O vínculo de Peçanha com os Brazão chegou a ser noticiado pelo RJTV em dezembro do ano passado, num suposto esquema que ficou conhecido como “farra do asfalto”. Na época, ele estava como diretor de obras e conservação regional do Departamento de Estradas de Rodagem (DER). O MPRJ instaurou um procedimento investigatório para apurar irregularidades na compra de concreto pelo DER. Os contratos entre o estado e uma empresa, no valor de R$ 50 milhões, indicava que concreto era para tapar buracos, mas a denúncia informava que não houve estudo e o material era jogado em várias ruas. O gestor do contrato era Peçanha e já havia sido pago R$ 8 milhões.

O poder dos Domingos

Domingos Brazão, de 57 anos, começou na política em 1996 como vereador pelo antigo MDB (Movimento Democrático Brasileiro). Dois anos depois, ele passou a ser deputado estadual, saindo da Alerj para ser conselheiro do TCE, em 2015, depois de seu quinto mandato na Casa. Na época, quatro deputados do PSOL, encabeçados pelo deputado Marcelo Freixo, que levou Marielle para a política, foram contra a nomeação. A maioria, porém, aprovou que Domingos ocupasse uma cadeira no tribunal.
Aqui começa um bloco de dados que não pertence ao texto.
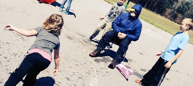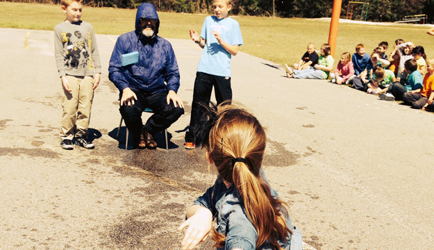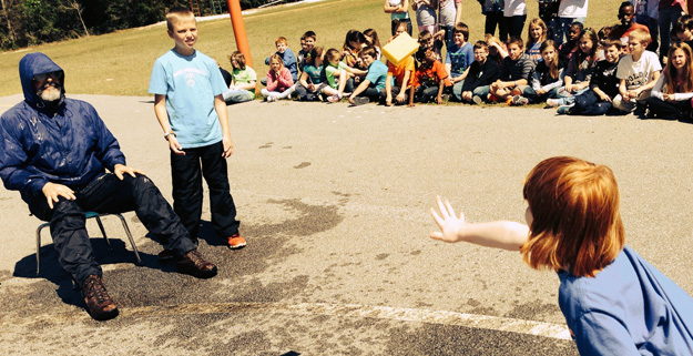 Pictured: Kindergarten students “sponge” Jim Allen Elementary School music teacher Greg Sexton. Submitted photos for NorthEscambia.com, click to enlarge.
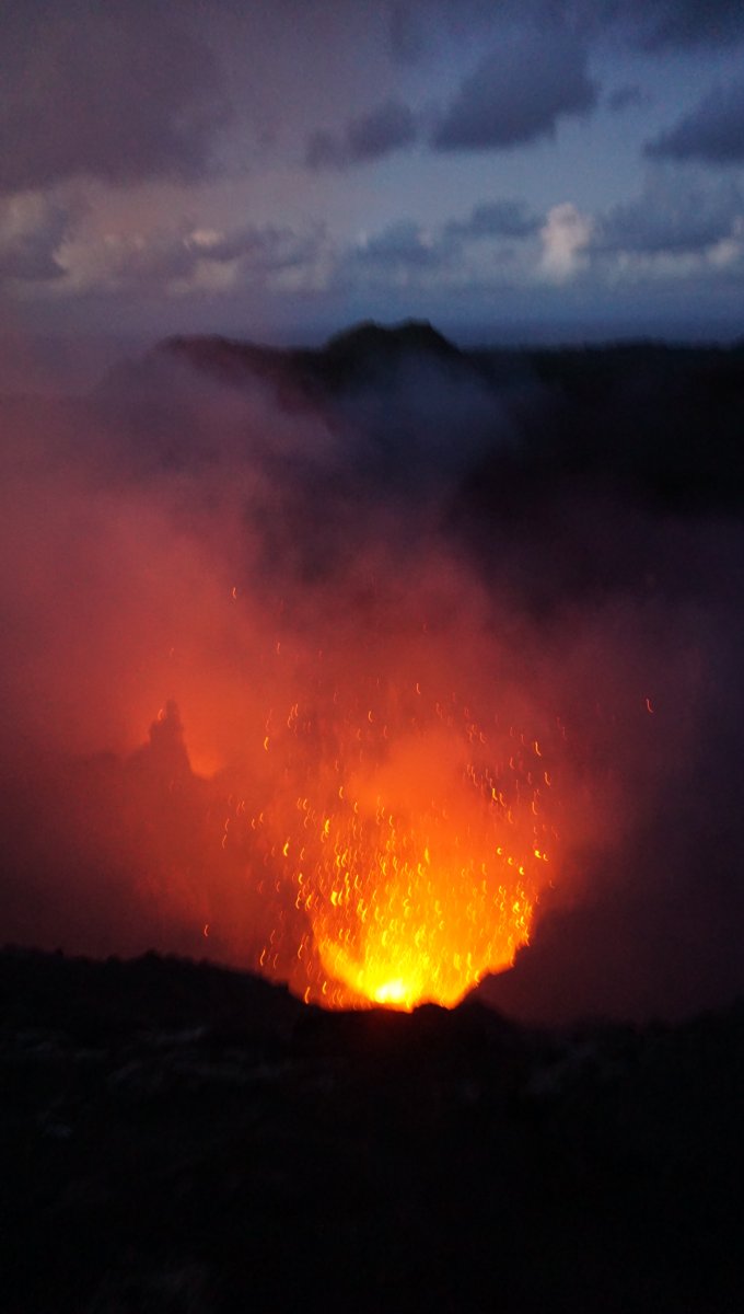 Η λάβα κόχλαζε κι εκτινασσόταν, αλλά τα μάτια μου άρχισαν να τσούζουν κι επέστρεψα στο υψηλότερη σημείο, με τη λιγότερη καλή θέα, αλλά γρήγορα ζήλεψα αυτούς που ήταν πιο κοντά κι επέστρεψα, ΤΙ ΘΕΑΜΑ, ειδικά σε κάποια φάση που και οι δύο κρατήρες είχαν ταυτόχρονη έκρηξη, Απλά φανταστική εμπειρία, άξιζε τα πάντα...

Dois anos após nomeado, houve a operação Quinto do Ouro, um desdobramento da Lava Jato. Domingos Brazão e outros quatro conselheiros, alvos da ação, foram presos pela Polícia Federal e pelo Ministério Público Federal (MPF), suspeitos de comandarem um esquema de desvio de verbas públicas. Os cinco ficaram presos por cerca de duas semanas.

Antes de voltar ao conselho do TCE, no fim de 2018, Domingos passou a ser investigado pela Polícia Federal como suspeito de ser o mandante do assassinato de Marielle e Anderson. Na época, o delegado federal Leandro Almada, responsável por apurar o trabalho da Polícia Civil do Rio sobre o caso, chegou a cogitar essa possibilidade na chamada “investigação da investigação”. A polícia estadual apontava o miliciano Orlando Oliveira de Araújo, o Orlando da Curicica, como executor, e o então vereador Marcello Siciliano (PHS), o mandante. Num relatório de cerca de 600 páginas, Almada conclui que foi montada uma farsa para incriminar principalmente o miliciano, que estava preso no presídio federal de Mossoró, no Rio Grande do Norte. Para isso, uma falsa testemunha — um policial militar rival de Curicica— foi plantada por três delegados da Polícia Federal, que sequer estavam investigando o caso. Atualmente, Almada é o superintendente da PF do Rio e comanda as investigações do duplo homicídio.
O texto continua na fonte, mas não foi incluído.